The Kumeyaay communities on the Mexican side of the border have largely retained their traditional heritage. Some villages faced water shortages, making it difficult to continue agricultural operation, which they portray in their film Kumeyaay Land. This led many communities to enter wine-tasting and tourism industries in the Guadalupe Valley.

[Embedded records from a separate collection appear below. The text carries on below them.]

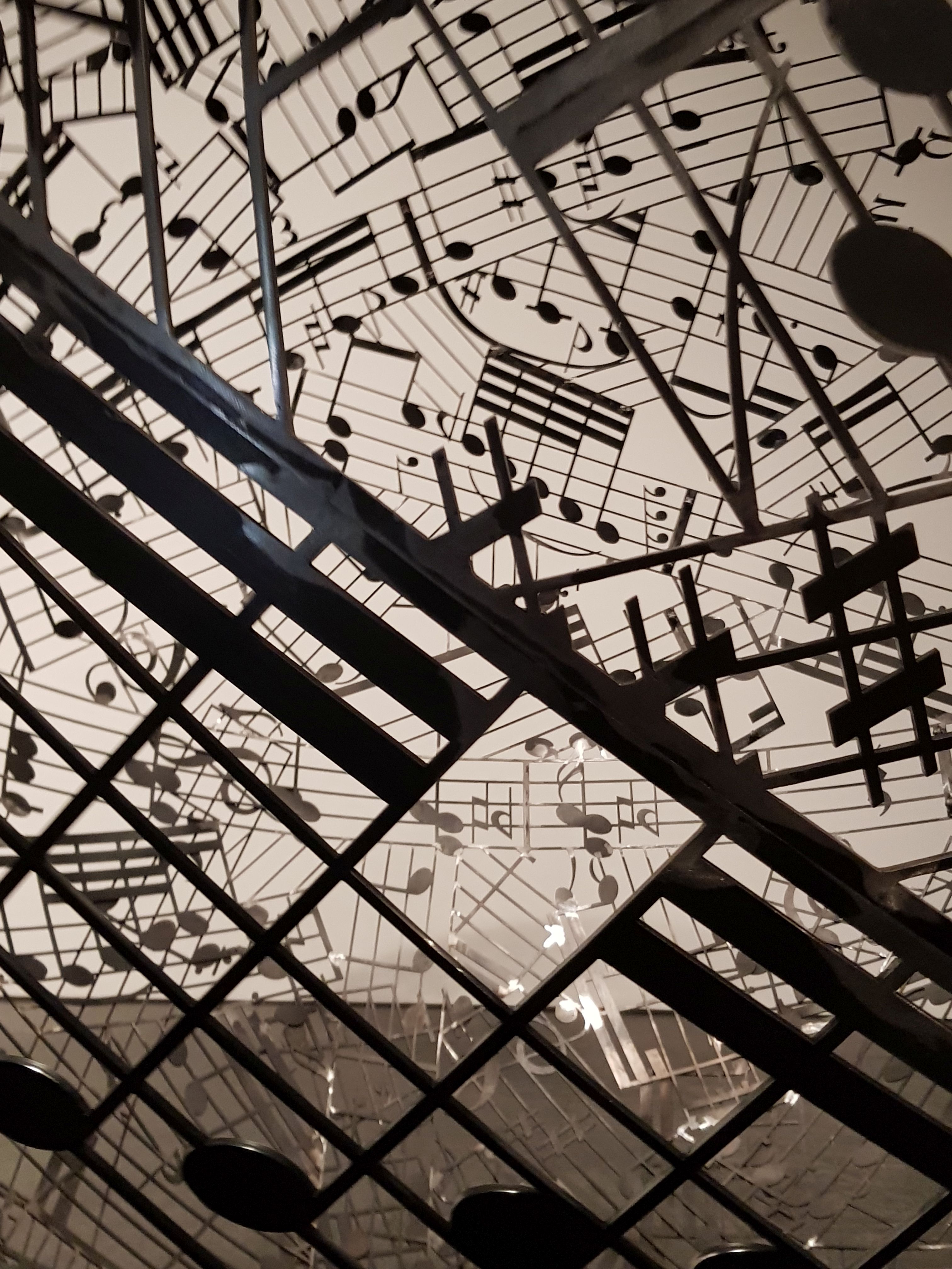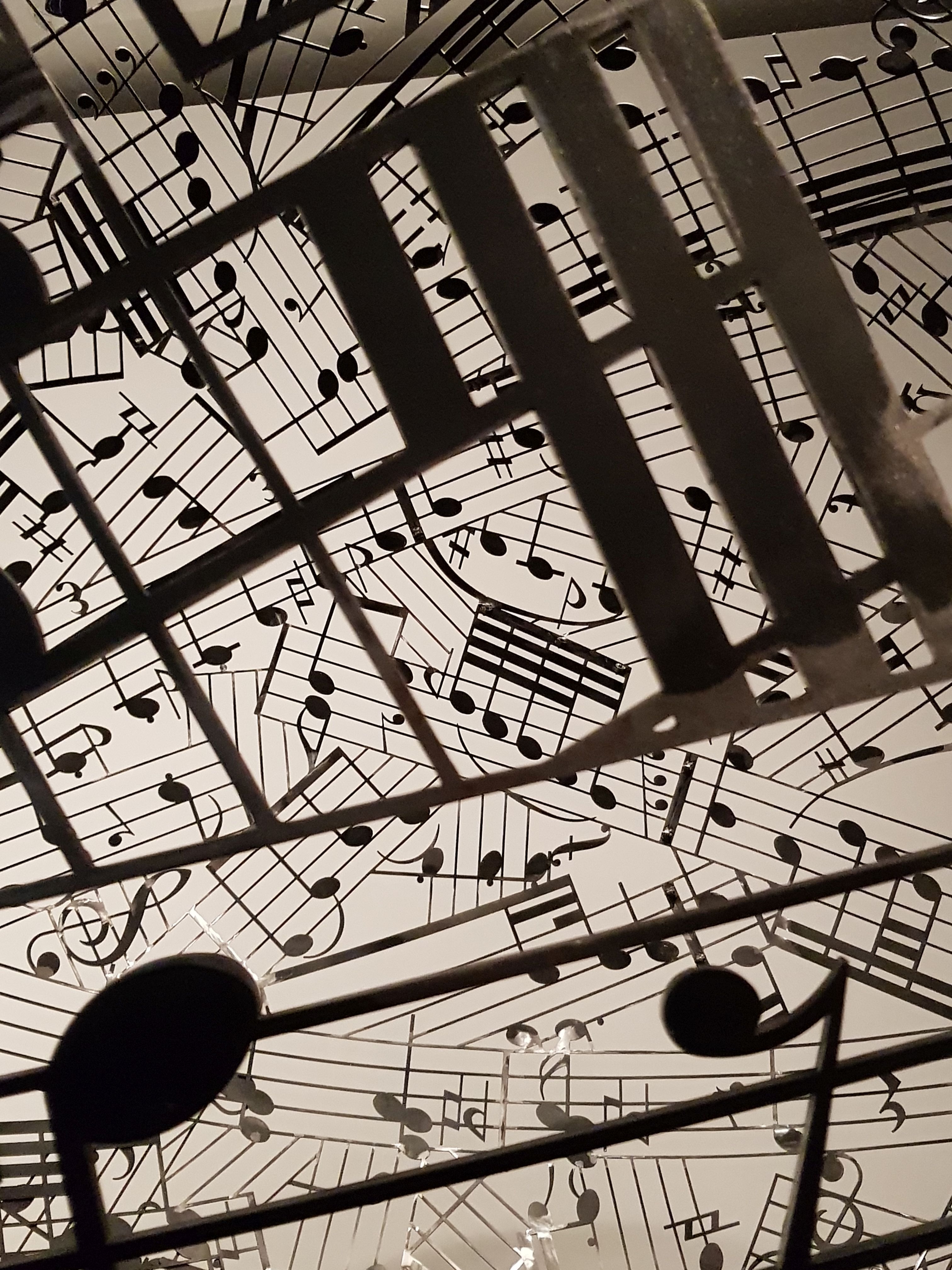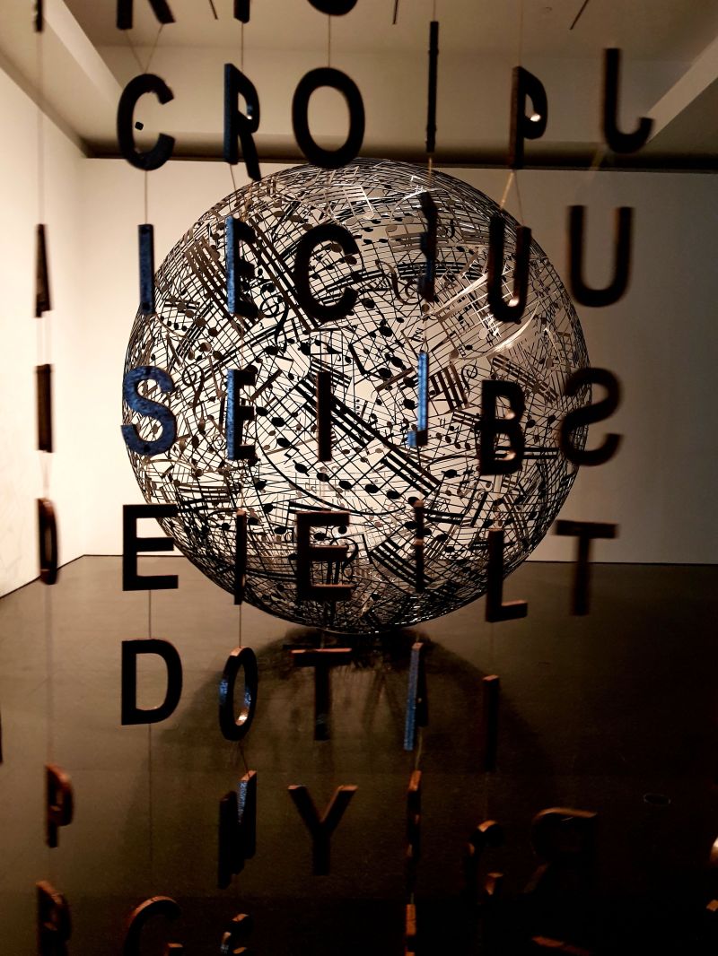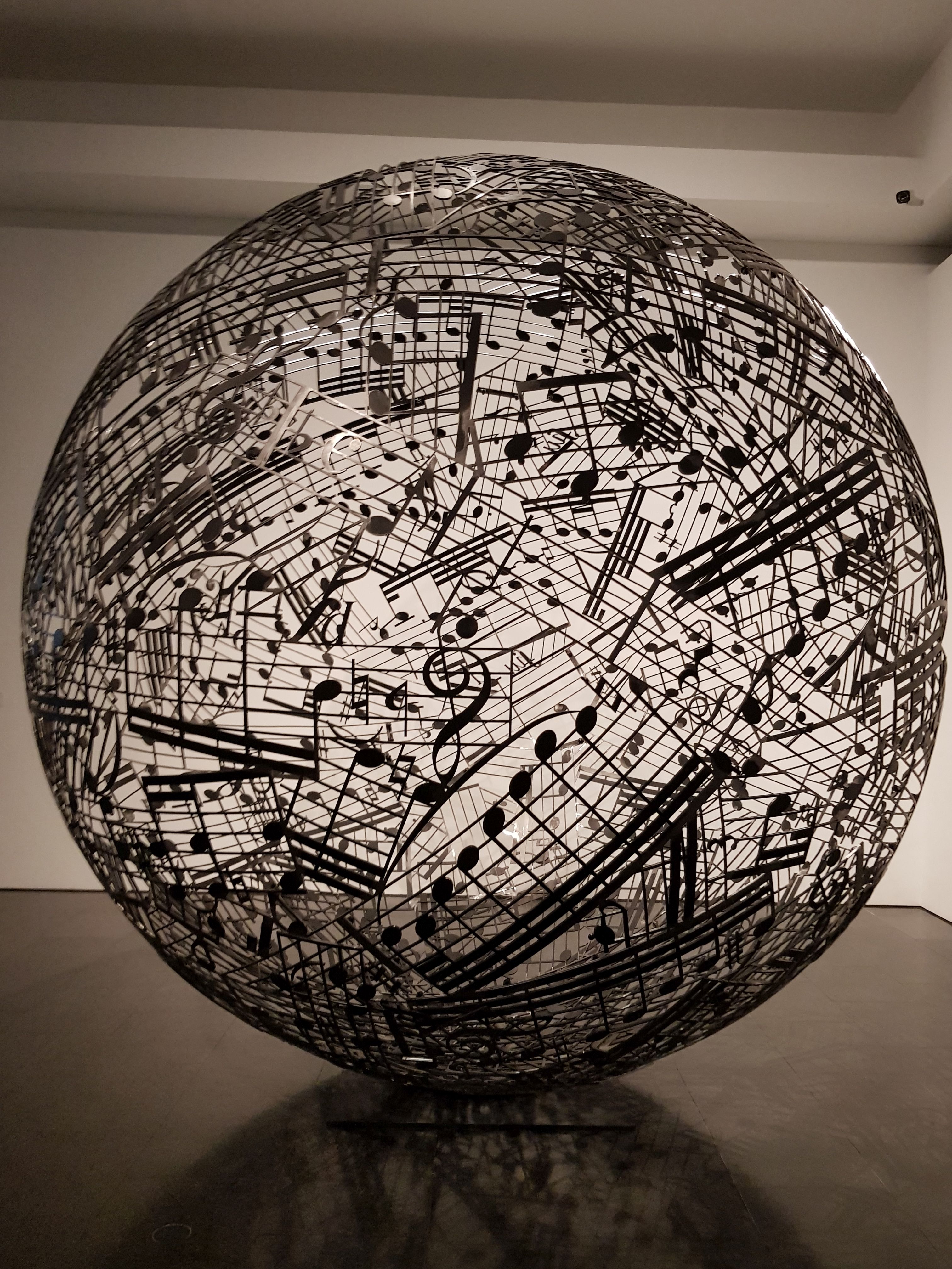 Impressionant i visualment molt atractiva és aquesta immensa forma esfèrica treballada amb connotacions musicals que porta per nom Autorretrat amb música.
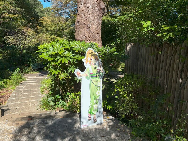 館内着に着替えたら、ぜひ訪れてほしいのが「豊島園 庭の湯」自慢の日本庭園だ。こちらは10:00~22:30まで自由に散策できる場所(荒天時には閉鎖)で、じつはこちらにもユニ、チエル、クロエのパネルが設置されている。
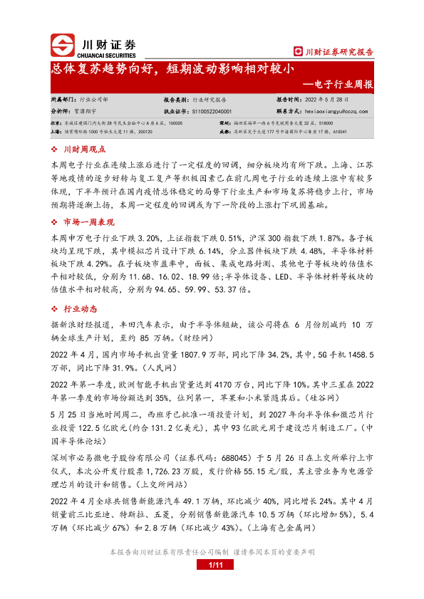 【川财证券】【20220528】20220528-川财证券-电子行业周报:总体复苏趋势向好,短期波动影响相对较小-11页
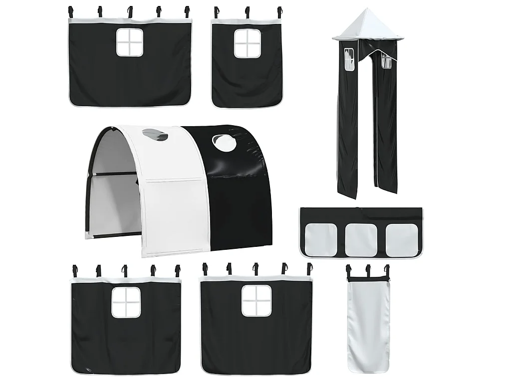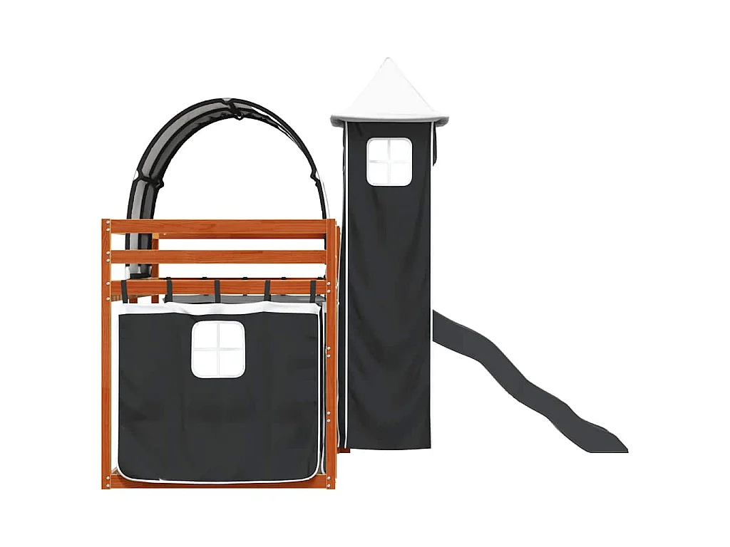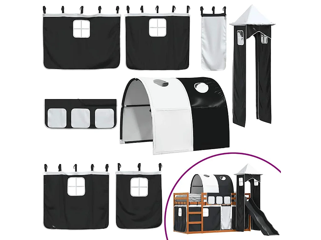 Letto a Castello con Scivolo e Tende Bianco e Nero 90x200 cm
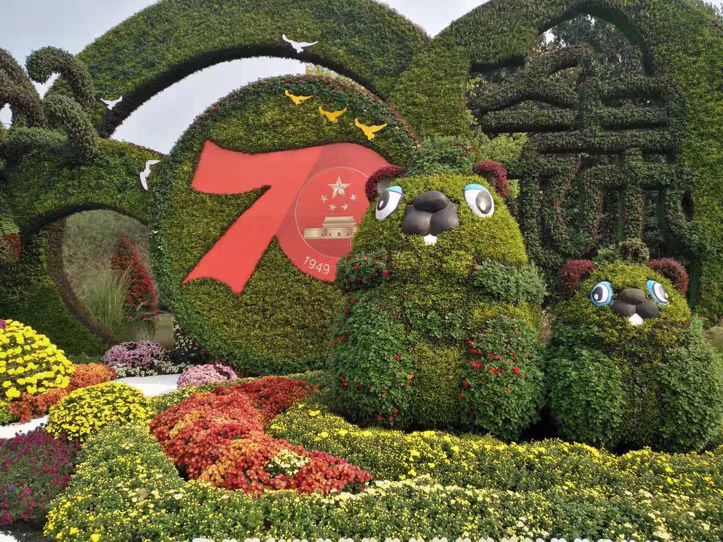 这是一幅菊花为主题的锦绣山河图,二个巨大的绿色圆,一个红色的70数字,二个有菊花点缀的河狸宝宝,几个菊花宝塔及铁艺菊花元素构成了新中国成立七十周年的图案。70年来祖国发生了翻天覆地变化,人民的生活有了很大地提高,祖国处处是锦绣河山。
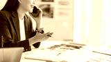 Asian woman designer architect taking client phone call discussing interior plans material selections modern professional workspace business communication happy
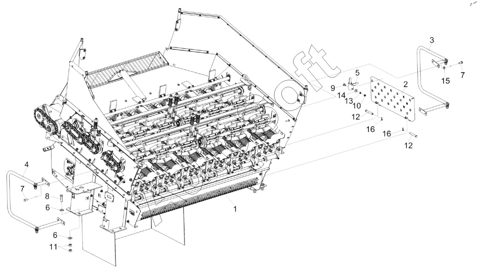 Каталог запасных частей к технике: Гомсельмаш ES6 (2023). Установка устройства початкоочистительного КП-6-0102000А
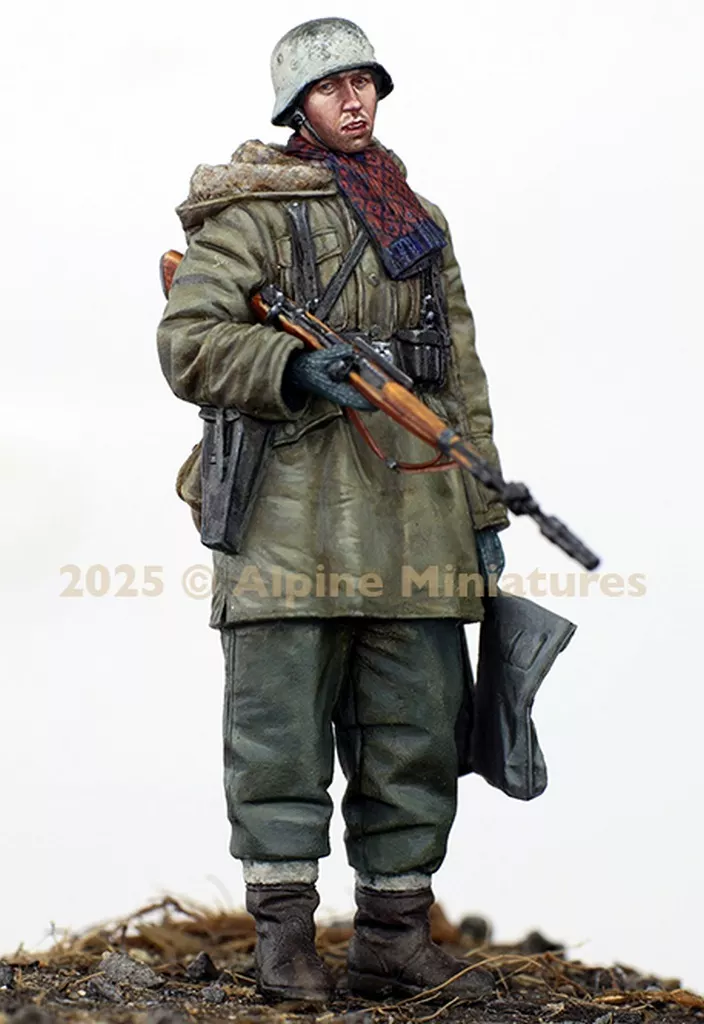 It is modeled as wearing winter equipment M42 winter clothes and holding a Kar98k rifle with a grenade launcher in the right hand.
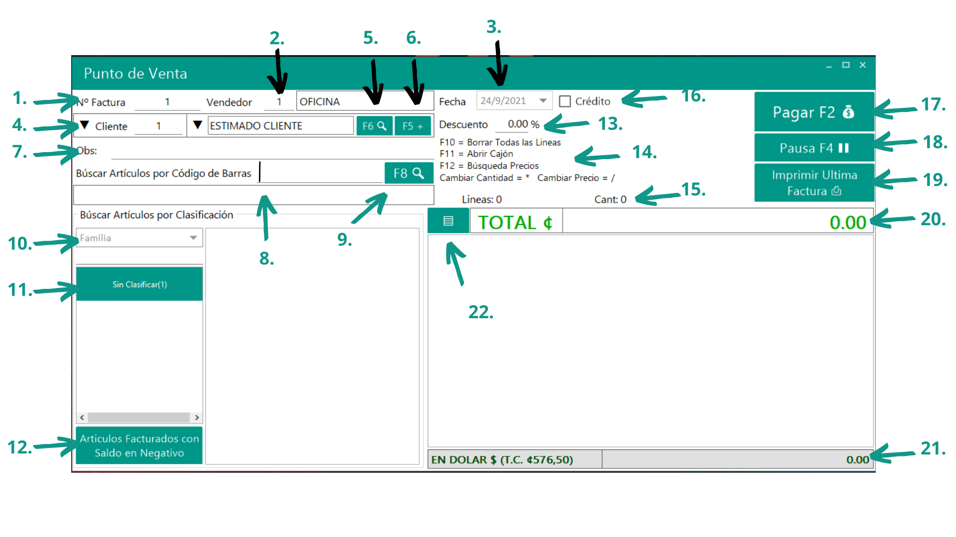 14. Sección informativa: el sistema le muestra al usuario cual es la función de las teclas rápidas en el sistema.
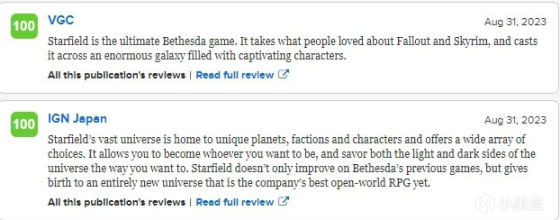 VGC 满分快评本做是Bethesda 的终极之作,「继承人们对《辐射》和《上古卷轴》的喜好,并将其投射到充满迷人角色的巨大星系中。」

Many bands began launching wine tours and festivals to attract tourists and foreign visitors from southern California and cruise passengers stopping at the Port of Ensenada.

====Kumeyaay and the US-Mexican border====

In 1998, the Kumeyaay established the Kumeyaay Border task force to work with federal immigration officials to secure free passage of Baja Kumeyaay bands to visit the US Kumeyaay bands and ensure their rights to protected graves and artifacts protected by the Native American Graves Protection and Repatriation Act of 1990.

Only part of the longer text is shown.